##### Recorded data

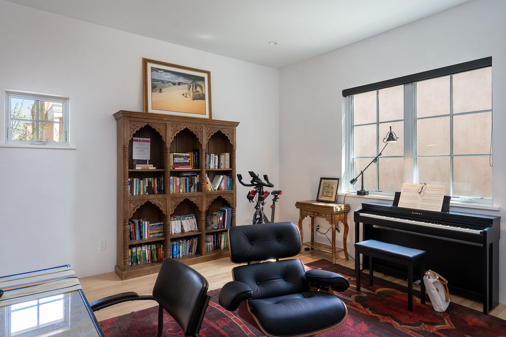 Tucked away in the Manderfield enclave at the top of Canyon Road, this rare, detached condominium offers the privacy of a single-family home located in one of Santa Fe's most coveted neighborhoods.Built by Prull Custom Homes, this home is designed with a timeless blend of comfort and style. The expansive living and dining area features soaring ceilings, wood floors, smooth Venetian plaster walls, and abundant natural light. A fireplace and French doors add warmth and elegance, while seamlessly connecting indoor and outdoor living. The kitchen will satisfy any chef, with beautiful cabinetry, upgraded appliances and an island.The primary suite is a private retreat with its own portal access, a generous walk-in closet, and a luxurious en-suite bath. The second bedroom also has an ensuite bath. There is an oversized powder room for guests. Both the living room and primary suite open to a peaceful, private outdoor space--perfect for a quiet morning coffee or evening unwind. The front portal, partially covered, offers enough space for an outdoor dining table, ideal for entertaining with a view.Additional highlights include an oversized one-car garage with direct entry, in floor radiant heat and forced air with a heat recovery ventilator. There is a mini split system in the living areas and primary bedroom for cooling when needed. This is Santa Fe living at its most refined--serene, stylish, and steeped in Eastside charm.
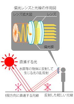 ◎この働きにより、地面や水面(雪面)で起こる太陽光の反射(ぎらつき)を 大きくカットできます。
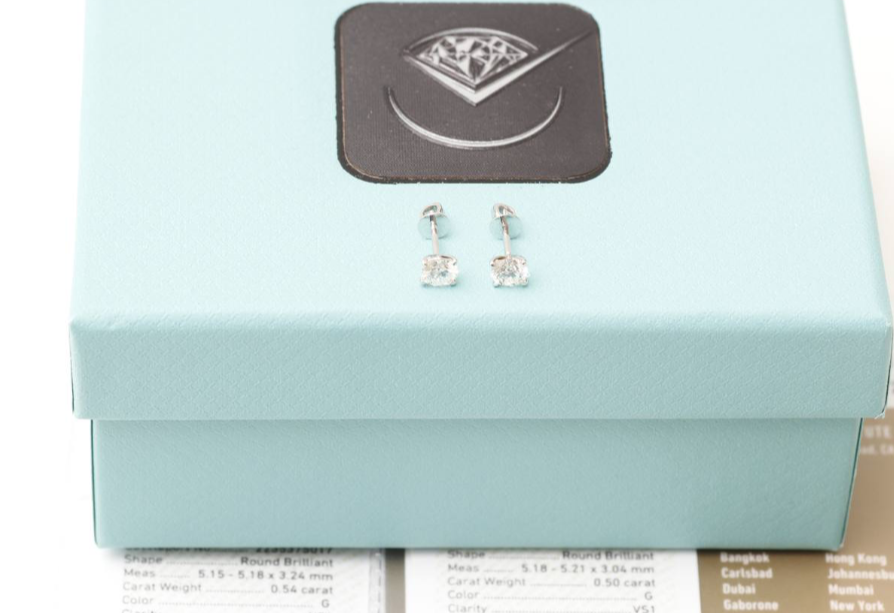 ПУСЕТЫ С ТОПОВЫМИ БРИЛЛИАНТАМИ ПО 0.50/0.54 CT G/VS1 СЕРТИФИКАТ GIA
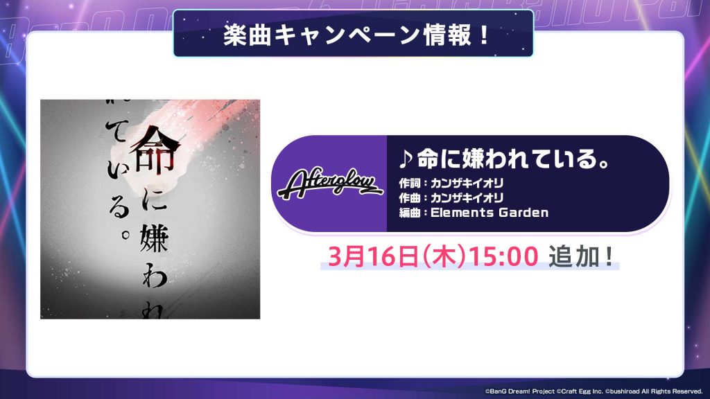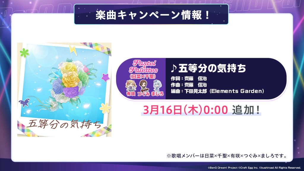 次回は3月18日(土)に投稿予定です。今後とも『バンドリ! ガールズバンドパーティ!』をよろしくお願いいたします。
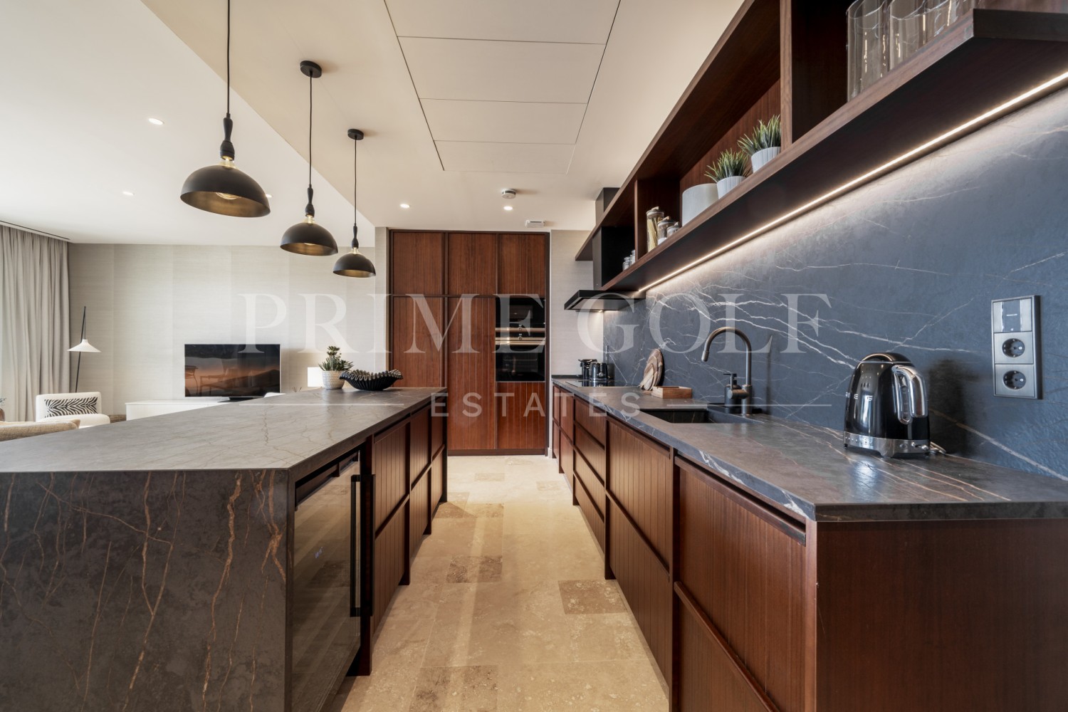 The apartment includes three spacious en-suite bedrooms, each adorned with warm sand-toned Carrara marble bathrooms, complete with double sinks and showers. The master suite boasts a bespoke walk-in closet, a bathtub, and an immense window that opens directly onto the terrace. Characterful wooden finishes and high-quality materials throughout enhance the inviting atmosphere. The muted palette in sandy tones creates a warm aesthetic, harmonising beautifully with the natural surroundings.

##########

> Problem requirements
Copy word for word the span of the records above that begins at the line with "ПУСЕТЫ С ТОПОВЫМИ" and ends at the line with "次回は3月18日(土)に投稿", including those two lines but not the pictures.

> Answer to this problem
 ПУСЕТЫ С ТОПОВЫМИ БРИЛЛИАНТАМИ ПО 0.50/0.54 CT G/VS1 СЕРТИФИКАТ GIA
 次回は3月18日(土)に投稿予定です。今後とも『バンドリ! ガールズバンドパーティ!』をよろしくお願いいたします。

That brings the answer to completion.